It would help if you retyped the data exactly, leaving out the pictures.

BEGIN GIVEN MATERIAL

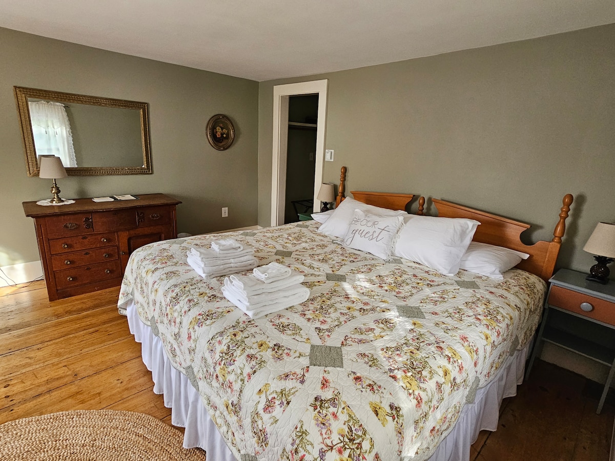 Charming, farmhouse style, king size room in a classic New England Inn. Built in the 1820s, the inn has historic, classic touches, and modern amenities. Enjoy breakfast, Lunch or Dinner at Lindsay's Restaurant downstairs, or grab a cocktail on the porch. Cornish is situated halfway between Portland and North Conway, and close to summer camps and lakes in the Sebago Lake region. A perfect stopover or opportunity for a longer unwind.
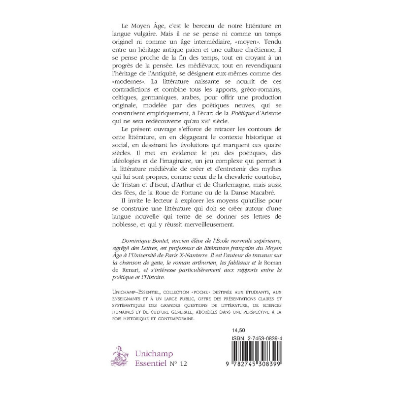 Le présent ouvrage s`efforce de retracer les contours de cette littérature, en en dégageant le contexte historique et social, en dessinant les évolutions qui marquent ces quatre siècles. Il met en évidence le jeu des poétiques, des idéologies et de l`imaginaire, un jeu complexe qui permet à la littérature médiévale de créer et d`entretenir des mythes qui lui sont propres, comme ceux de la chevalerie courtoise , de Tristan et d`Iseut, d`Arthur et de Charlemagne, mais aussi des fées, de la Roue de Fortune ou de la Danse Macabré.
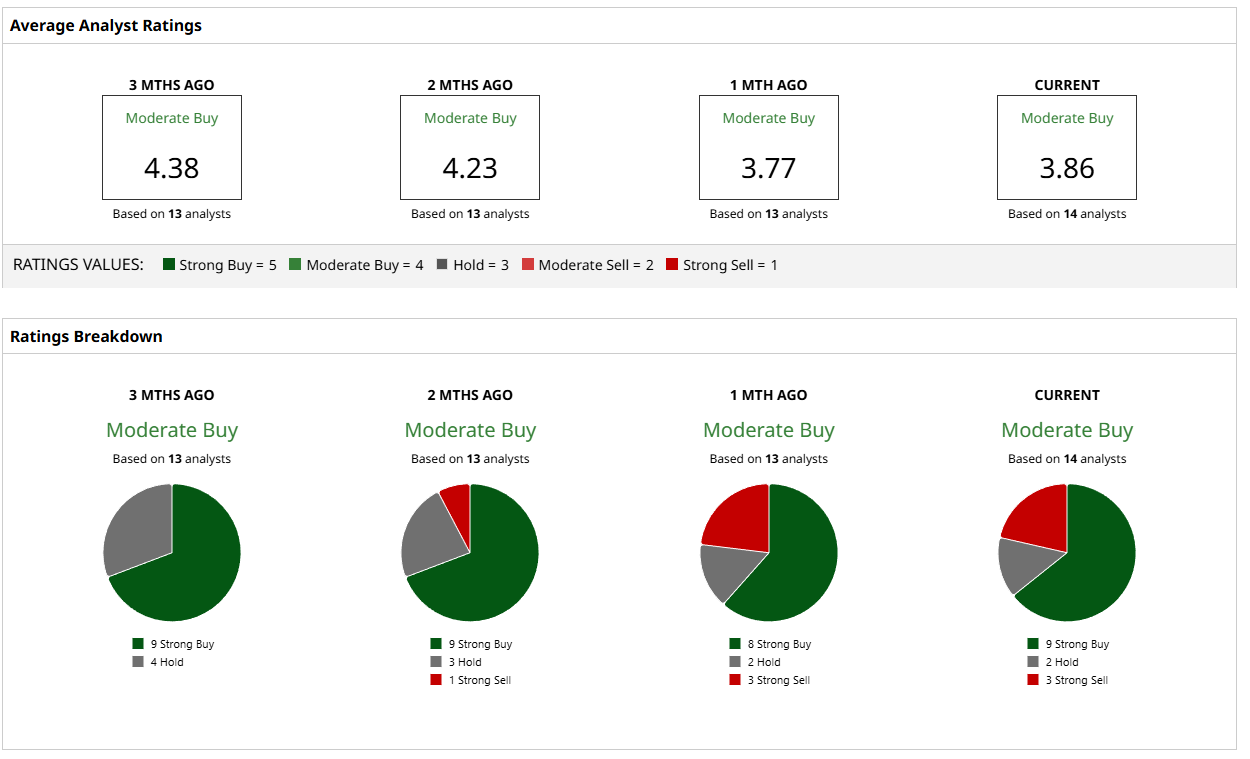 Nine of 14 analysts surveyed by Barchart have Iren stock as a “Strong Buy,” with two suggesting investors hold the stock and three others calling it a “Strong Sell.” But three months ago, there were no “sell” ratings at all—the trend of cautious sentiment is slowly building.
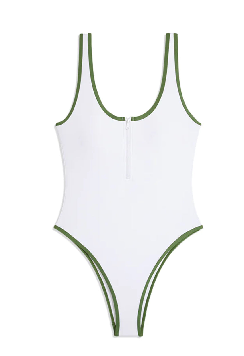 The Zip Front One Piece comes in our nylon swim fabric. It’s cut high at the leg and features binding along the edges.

END GIVEN MATERIAL

* **COMPLETED EXERCISE**:
 Charming, farmhouse style, king size room in a classic New England Inn. Built in the 1820s, the inn has historic, classic touches, and modern amenities. Enjoy breakfast, Lunch or Dinner at Lindsay's Restaurant downstairs, or grab a cocktail on the porch. Cornish is situated halfway between Portland and North Conway, and close to summer camps and lakes in the Sebago Lake region. A perfect stopover or opportunity for a longer unwind.
 Le présent ouvrage s`efforce de retracer les contours de cette littérature, en en dégageant le contexte historique et social, en dessinant les évolutions qui marquent ces quatre siècles. Il met en évidence le jeu des poétiques, des idéologies et de l`imaginaire, un jeu complexe qui permet à la littérature médiévale de créer et d`entretenir des mythes qui lui sont propres, comme ceux de la chevalerie courtoise , de Tristan et d`Iseut, d`Arthur et de Charlemagne, mais aussi des fées, de la Roue de Fortune ou de la Danse Macabré.
 Nine of 14 analysts surveyed by Barchart have Iren stock as a “Strong Buy,” with two suggesting investors hold the stock and three others calling it a “Strong Sell.” But three months ago, there were no “sell” ratings at all—the trend of cautious sentiment is slowly building.
 The Zip Front One Piece comes in our nylon swim fabric. It’s cut high at the leg and features binding along the edges.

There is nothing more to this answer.